Meanwhile, UV towers used during terminal cleaning are designed to disinfect an enclosed space at the end of a patient’s stay or use. Therefore, there is a distinct disinfection gap between the use of chemical wipes and UV towers that Instant UV can fulfil. Instant UV devices like NuvaWave strategically close the gap between the first line of defence – chemical wipes and sprays – and larger UV systems such as upper air UV systems and UV towers, which serve as ‘end point’ disinfection.

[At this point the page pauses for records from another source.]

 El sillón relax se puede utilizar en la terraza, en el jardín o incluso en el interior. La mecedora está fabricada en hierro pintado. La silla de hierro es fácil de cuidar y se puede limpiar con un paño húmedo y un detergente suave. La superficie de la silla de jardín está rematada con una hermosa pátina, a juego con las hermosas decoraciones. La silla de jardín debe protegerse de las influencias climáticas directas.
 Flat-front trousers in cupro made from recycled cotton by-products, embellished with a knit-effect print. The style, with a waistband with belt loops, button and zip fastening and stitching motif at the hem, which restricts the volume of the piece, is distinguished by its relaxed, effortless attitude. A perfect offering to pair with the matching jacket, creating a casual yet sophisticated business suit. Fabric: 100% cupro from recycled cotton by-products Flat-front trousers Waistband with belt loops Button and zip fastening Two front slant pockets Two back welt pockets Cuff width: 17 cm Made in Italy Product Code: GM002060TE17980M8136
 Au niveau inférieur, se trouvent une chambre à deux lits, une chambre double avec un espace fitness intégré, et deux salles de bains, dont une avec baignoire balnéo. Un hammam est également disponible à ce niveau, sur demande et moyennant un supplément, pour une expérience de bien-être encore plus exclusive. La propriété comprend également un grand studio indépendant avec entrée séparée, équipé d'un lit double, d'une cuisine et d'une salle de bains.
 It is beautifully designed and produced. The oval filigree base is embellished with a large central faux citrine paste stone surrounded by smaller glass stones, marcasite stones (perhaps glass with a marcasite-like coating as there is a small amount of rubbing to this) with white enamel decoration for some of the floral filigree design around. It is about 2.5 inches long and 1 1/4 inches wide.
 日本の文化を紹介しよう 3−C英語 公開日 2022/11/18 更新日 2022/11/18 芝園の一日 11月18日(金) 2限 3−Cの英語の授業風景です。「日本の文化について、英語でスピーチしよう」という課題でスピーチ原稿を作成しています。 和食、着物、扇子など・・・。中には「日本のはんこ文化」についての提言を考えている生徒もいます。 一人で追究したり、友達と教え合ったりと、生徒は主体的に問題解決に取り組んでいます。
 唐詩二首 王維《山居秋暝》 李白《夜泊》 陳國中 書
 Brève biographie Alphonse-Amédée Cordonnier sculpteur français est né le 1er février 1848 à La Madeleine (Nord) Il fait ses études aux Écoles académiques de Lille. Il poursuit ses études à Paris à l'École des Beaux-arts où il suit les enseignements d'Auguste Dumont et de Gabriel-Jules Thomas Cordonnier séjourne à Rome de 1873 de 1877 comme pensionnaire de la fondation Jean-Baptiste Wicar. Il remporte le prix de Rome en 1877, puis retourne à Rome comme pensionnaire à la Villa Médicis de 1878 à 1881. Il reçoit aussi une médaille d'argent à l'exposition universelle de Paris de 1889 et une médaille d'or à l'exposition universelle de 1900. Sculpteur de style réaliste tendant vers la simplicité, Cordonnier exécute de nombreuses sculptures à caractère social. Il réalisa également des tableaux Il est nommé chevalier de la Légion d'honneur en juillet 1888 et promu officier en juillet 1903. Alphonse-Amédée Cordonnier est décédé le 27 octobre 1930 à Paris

The engineering behind Instant UV

The ongoing fight against HAIs warrants the implementation of a new technology, designed with user safety and seamless integration within standard workflows in mind.

With over 25 years of experience in light technology development and more than 200 US patents for medical devices, electronic materials and LED products, the inventors of NuvaWave have designed a novel product which revolutionises light technology. They leveraged the use of mercury-free lighting, as well as software innovations, to harness the power of UV light in a safe, portable handheld device. The cordless, battery-operated device lasts for up to three hours per charge and weighs only 0.7kg. NuvaWave is well-equipped with advanced safety features and can be carried around on a utility belt, bringing about convenience and ease.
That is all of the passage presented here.